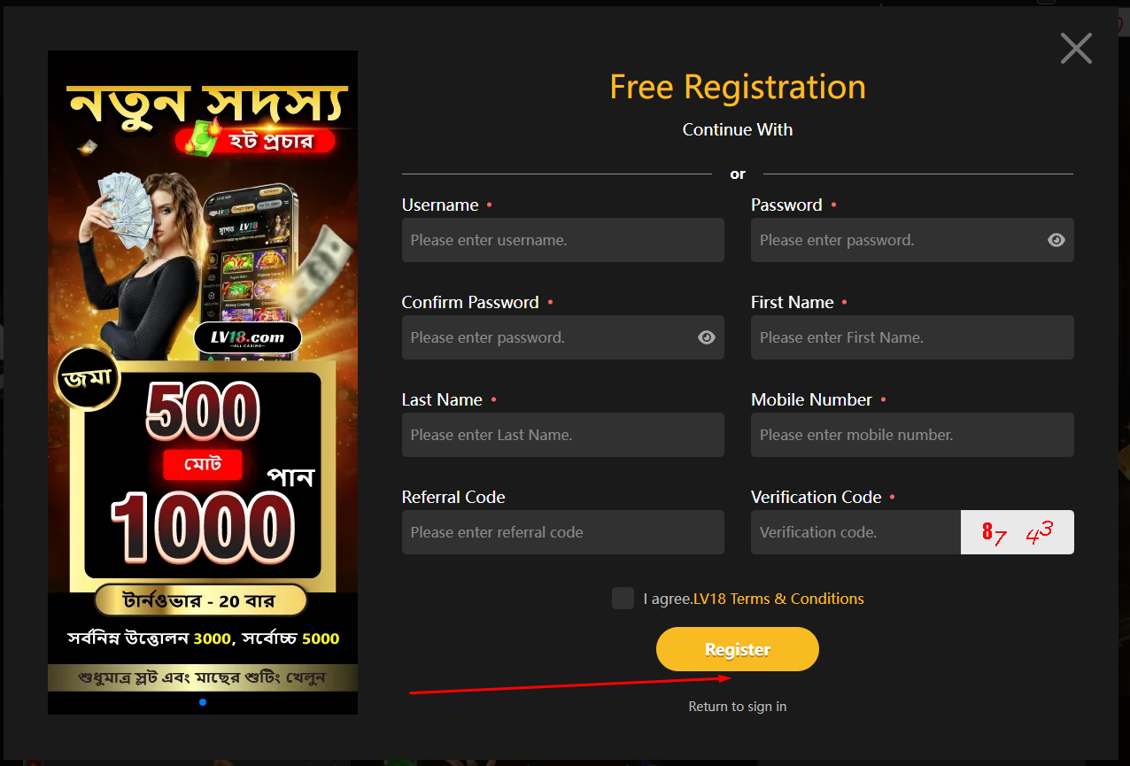 In my experience, the registration requires a unique username and a Bangladeshi mobile number. I noticed the login system requires a manual captcha entry for every session to maintain security protocols on their Philippine-licensed platform.
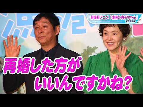お笑いタレントの明石家さんまさんが5月26日、東京都内で行われた劇場版アニメ「漁港の肉子ちゃん」(渡辺歩監督、6月11日公開)の完成報告会に、主人公・肉子ちゃんの声を務める女優の大竹しのぶさんらと登場した。同作を企画・プロデュースしたさんまさんは、冒頭にあいさつを求められると「久々にこういう記者会見の席で。隣に大竹さんがいらっしゃる……再婚した方がいいんですかね?」とギャグを飛ばして笑いを誘う一幕も。その後も、元妻の大竹さんと息の合った掛け合いを見せて場を和ませていた。
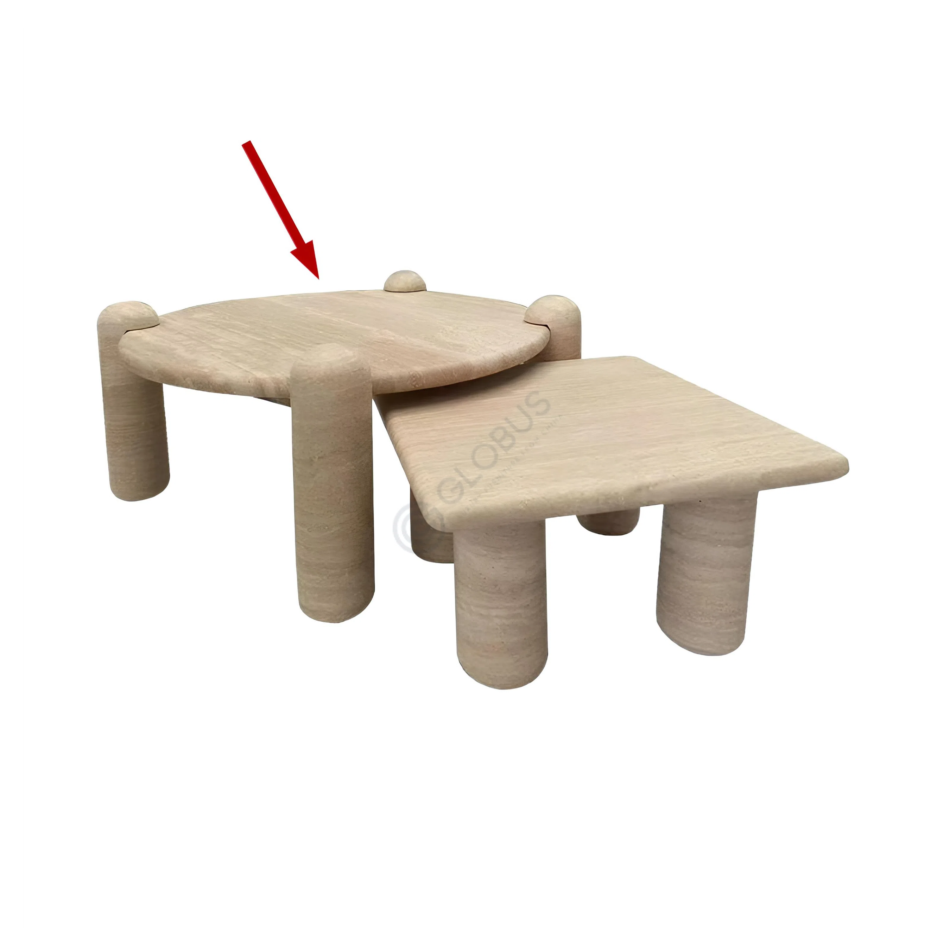 The table's design features a robust top with gently rounded edges, supported by equally substantial, cylindrical legs. This soft contouring provides a pleasing visual contrast to the solid travertine, creating an inviting and sculptural piece. The thoughtful construction ensures both stability and a sophisticated aesthetic that complements a range of interior palettes.
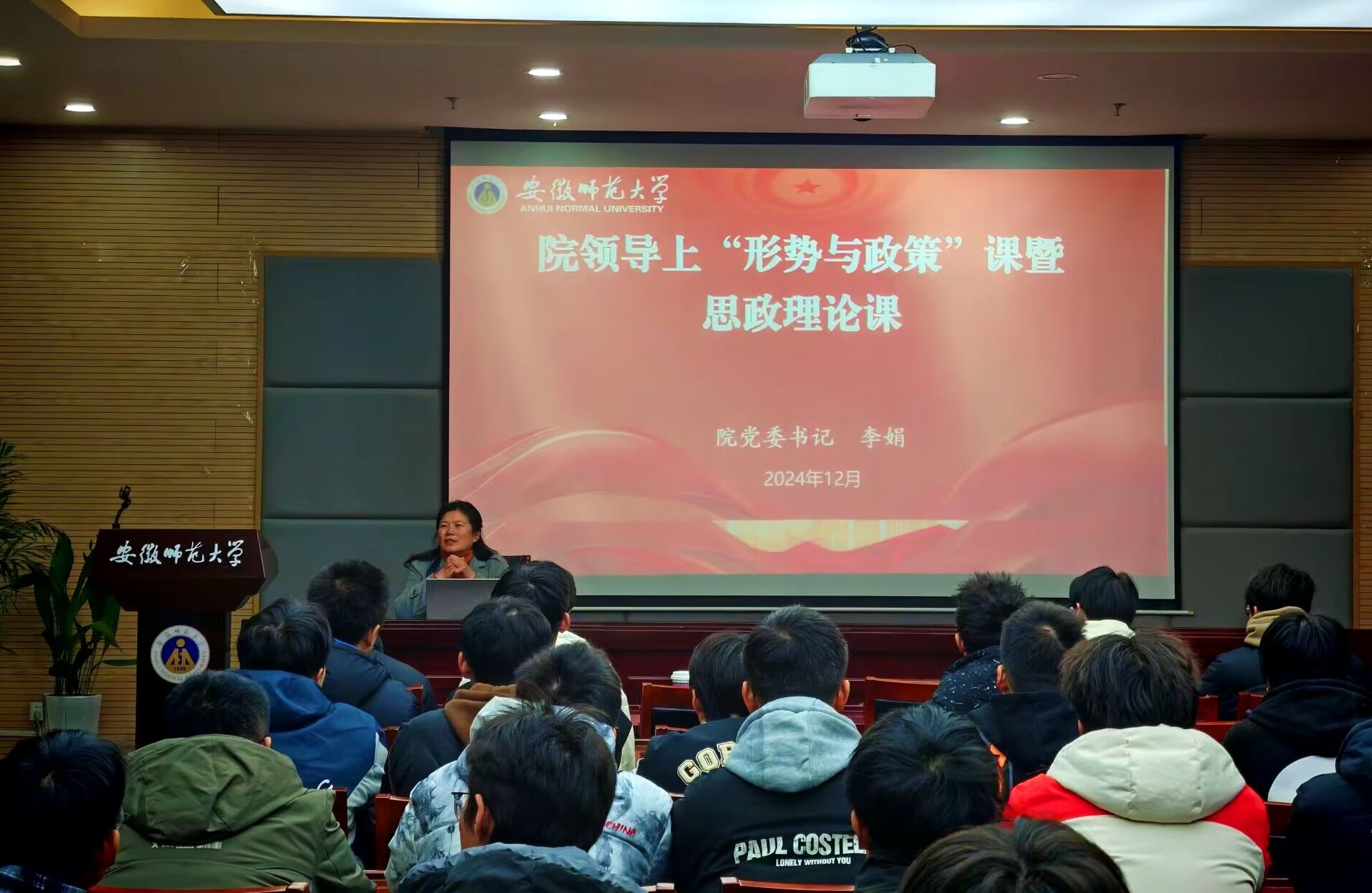 近日,必赢国际党委书记李娟在物理楼304会议室为必赢国际2024级电子信息工程专业学生讲授“形势与政策”课暨思政理论课,课程由辅导员张津源主持。
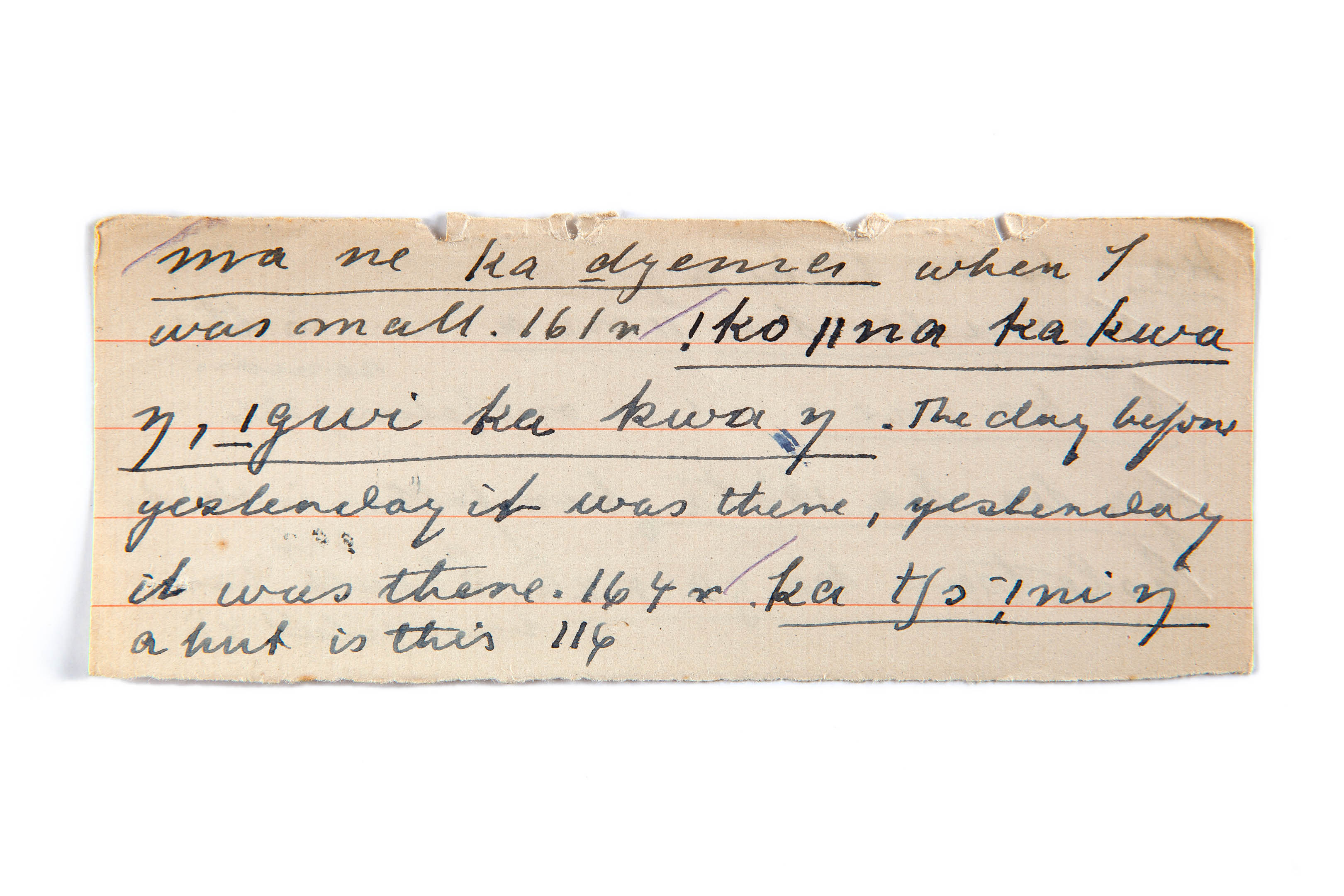 was (when I was small), was there (the day before yesterday), this is (a hut)
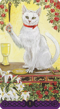 Journey with the enlightened feline and welcome their unique secrets. Cats—cute, mysterious, mischievous, or aloof—seem to live in a world between worlds, a realm of magic and power. Access their unique wisdom with this beautifully illustrated deck, featuring traditional Rider-Waite imagery and Pagan symbols.
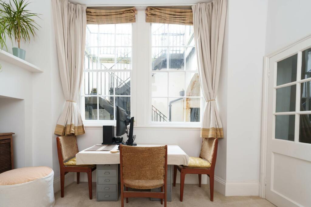 Grosvenor Place is a stunning example of Bath architecture. This property has a private front door with excellent living space and period features. The bedroom is a great size and there is a separate kitchen. Abundant storage throughout. Vaults. Well presented. No chain.
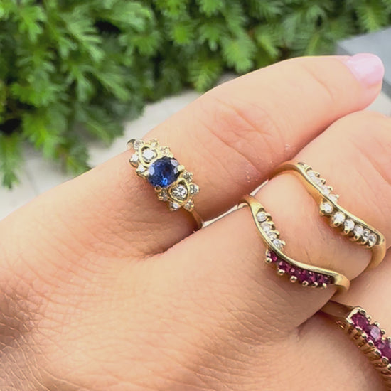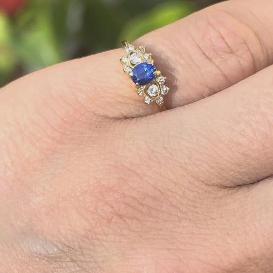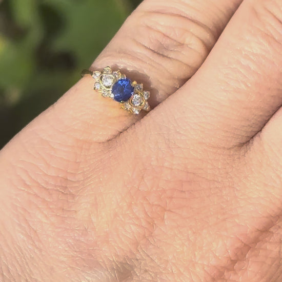 VINTAGE 18CT GOLD SAPPHIRE & DIAMOND RING
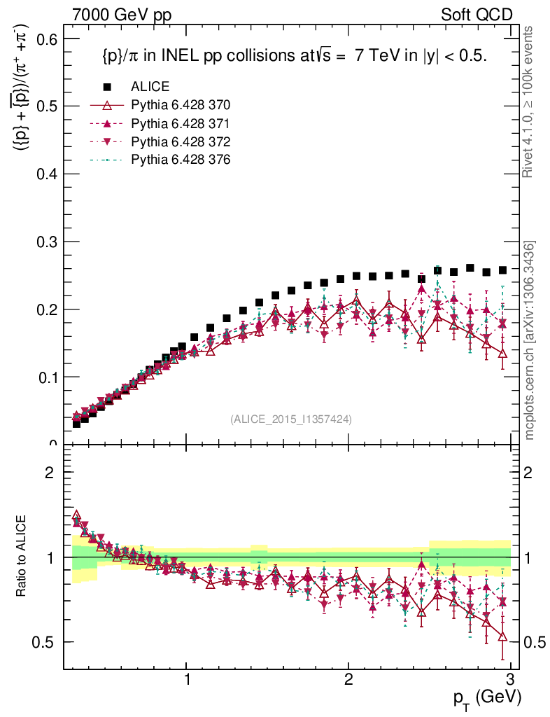 Soft QCD (inelastic) : Identified Particles : Ratios : (pbar+p)/(π-+π+) vs pT
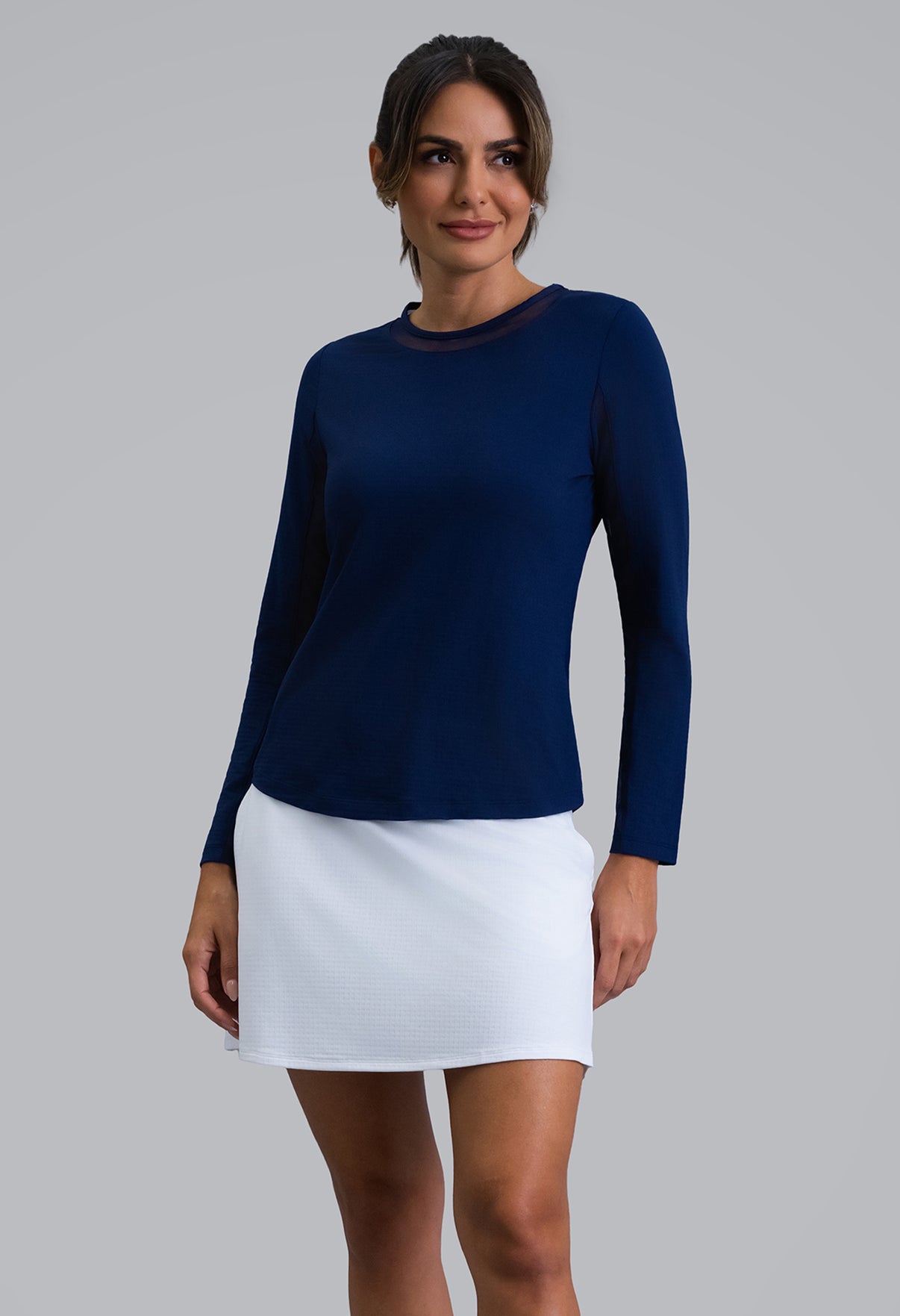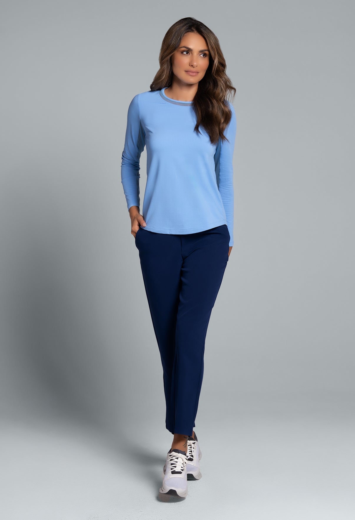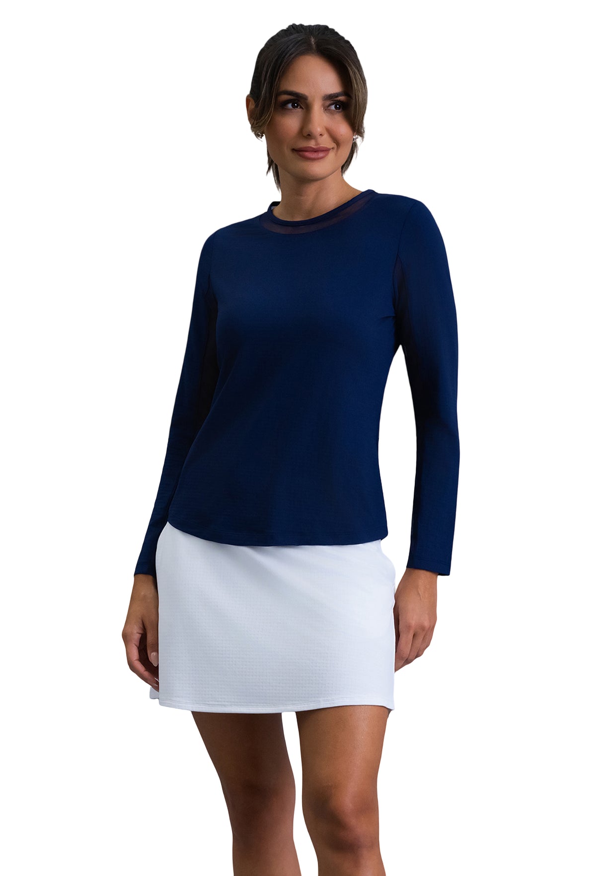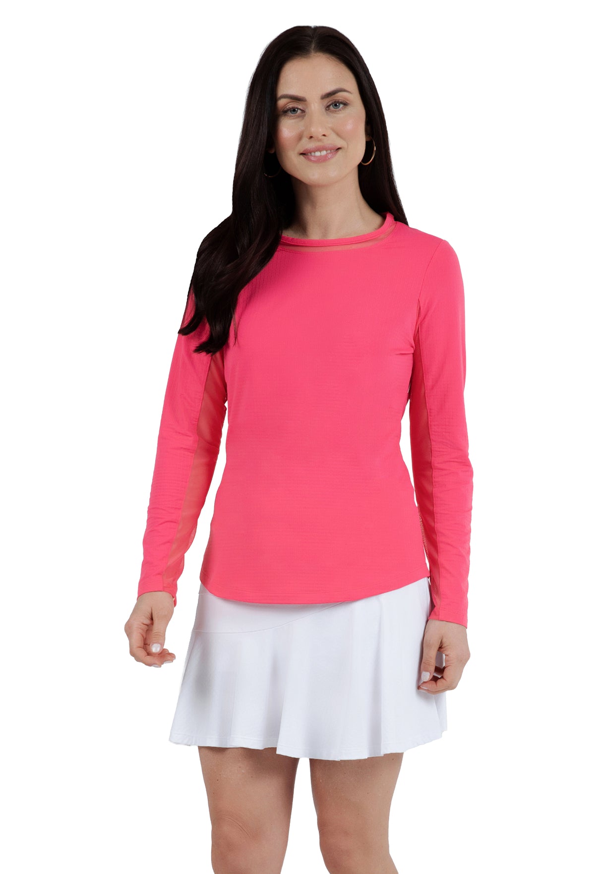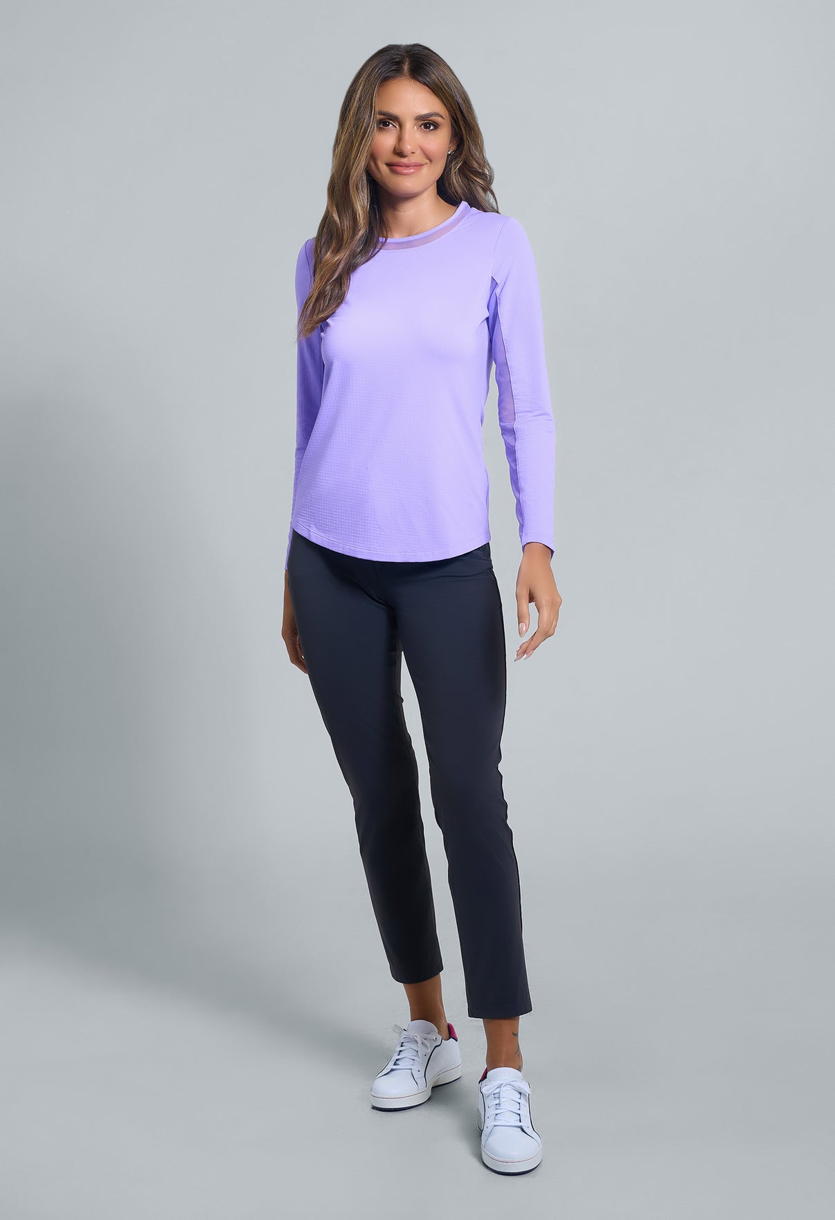 Our updated Long Sleeve Crew Neck Top features a mesh inlay around the neck to complement the under-arm mesh panel, promoting additional comfort and breathability, giving this athleisure top a feminine twist. This silhouette features our patented Iceƒil® cooling technology, converting sweat to refrigerant and cooling your skin up to 5 degrees, keeping you cool and dry on the hottest, most humid days. This garment also features UPF 50+ sun protection, moisture-wicking, and anti-odor properties.

------

### What the task requires:
Please write out the entire listing above exactly, but leave the pictures out.

### Response to the task:
 In my experience, the registration requires a unique username and a Bangladeshi mobile number. I noticed the login system requires a manual captcha entry for every session to maintain security protocols on their Philippine-licensed platform.
お笑いタレントの明石家さんまさんが5月26日、東京都内で行われた劇場版アニメ「漁港の肉子ちゃん」(渡辺歩監督、6月11日公開)の完成報告会に、主人公・肉子ちゃんの声を務める女優の大竹しのぶさんらと登場した。同作を企画・プロデュースしたさんまさんは、冒頭にあいさつを求められると「久々にこういう記者会見の席で。隣に大竹さんがいらっしゃる……再婚した方がいいんですかね?」とギャグを飛ばして笑いを誘う一幕も。その後も、元妻の大竹さんと息の合った掛け合いを見せて場を和ませていた。
 The table's design features a robust top with gently rounded edges, supported by equally substantial, cylindrical legs. This soft contouring provides a pleasing visual contrast to the solid travertine, creating an inviting and sculptural piece. The thoughtful construction ensures both stability and a sophisticated aesthetic that complements a range of interior palettes.
 近日,必赢国际党委书记李娟在物理楼304会议室为必赢国际2024级电子信息工程专业学生讲授“形势与政策”课暨思政理论课,课程由辅导员张津源主持。
 was (when I was small), was there (the day before yesterday), this is (a hut)
 Journey with the enlightened feline and welcome their unique secrets. Cats—cute, mysterious, mischievous, or aloof—seem to live in a world between worlds, a realm of magic and power. Access their unique wisdom with this beautifully illustrated deck, featuring traditional Rider-Waite imagery and Pagan symbols.
 Grosvenor Place is a stunning example of Bath architecture. This property has a private front door with excellent living space and period features. The bedroom is a great size and there is a separate kitchen. Abundant storage throughout. Vaults. Well presented. No chain.
 VINTAGE 18CT GOLD SAPPHIRE & DIAMOND RING
 Soft QCD (inelastic) : Identified Particles : Ratios : (pbar+p)/(π-+π+) vs pT
 Our updated Long Sleeve Crew Neck Top features a mesh inlay around the neck to complement the under-arm mesh panel, promoting additional comfort and breathability, giving this athleisure top a feminine twist. This silhouette features our patented Iceƒil® cooling technology, converting sweat to refrigerant and cooling your skin up to 5 degrees, keeping you cool and dry on the hottest, most humid days. This garment also features UPF 50+ sun protection, moisture-wicking, and anti-odor properties.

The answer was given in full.